■ Data excerpt
:::::

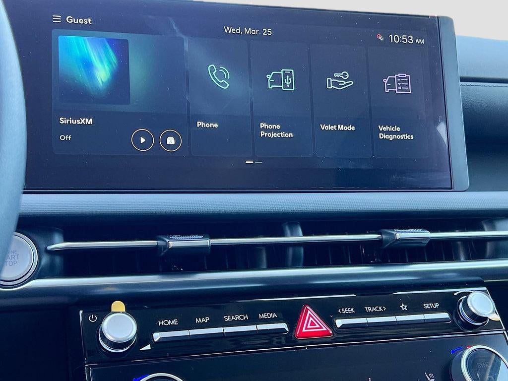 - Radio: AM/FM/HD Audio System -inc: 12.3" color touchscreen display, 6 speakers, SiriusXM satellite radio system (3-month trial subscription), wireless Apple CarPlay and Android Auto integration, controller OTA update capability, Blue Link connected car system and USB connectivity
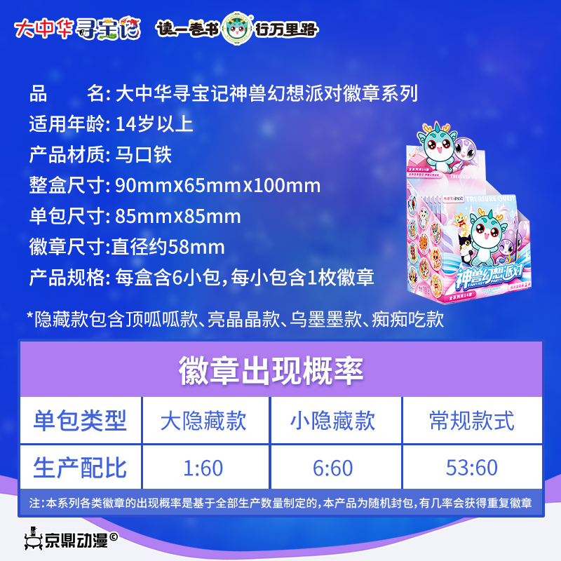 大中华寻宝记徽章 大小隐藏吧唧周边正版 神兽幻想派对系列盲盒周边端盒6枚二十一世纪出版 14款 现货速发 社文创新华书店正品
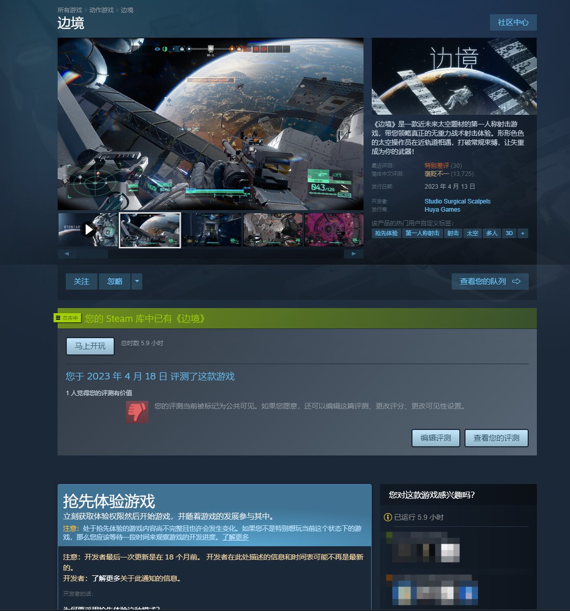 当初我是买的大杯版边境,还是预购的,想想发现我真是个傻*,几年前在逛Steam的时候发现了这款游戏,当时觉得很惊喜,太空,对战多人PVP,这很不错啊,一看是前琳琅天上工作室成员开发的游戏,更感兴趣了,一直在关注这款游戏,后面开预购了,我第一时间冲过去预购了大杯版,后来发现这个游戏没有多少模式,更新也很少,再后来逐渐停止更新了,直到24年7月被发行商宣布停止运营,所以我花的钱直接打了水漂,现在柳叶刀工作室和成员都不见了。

:::::

Every line above should be output exactly, except for the pictures.

 - Radio: AM/FM/HD Audio System -inc: 12.3" color touchscreen display, 6 speakers, SiriusXM satellite radio system (3-month trial subscription), wireless Apple CarPlay and Android Auto integration, controller OTA update capability, Blue Link connected car system and USB connectivity
 大中华寻宝记徽章 大小隐藏吧唧周边正版 神兽幻想派对系列盲盒周边端盒6枚二十一世纪出版 14款 现货速发 社文创新华书店正品
 当初我是买的大杯版边境,还是预购的,想想发现我真是个傻*,几年前在逛Steam的时候发现了这款游戏,当时觉得很惊喜,太空,对战多人PVP,这很不错啊,一看是前琳琅天上工作室成员开发的游戏,更感兴趣了,一直在关注这款游戏,后面开预购了,我第一时间冲过去预购了大杯版,后来发现这个游戏没有多少模式,更新也很少,再后来逐渐停止更新了,直到24年7月被发行商宣布停止运营,所以我花的钱直接打了水漂,现在柳叶刀工作室和成员都不见了。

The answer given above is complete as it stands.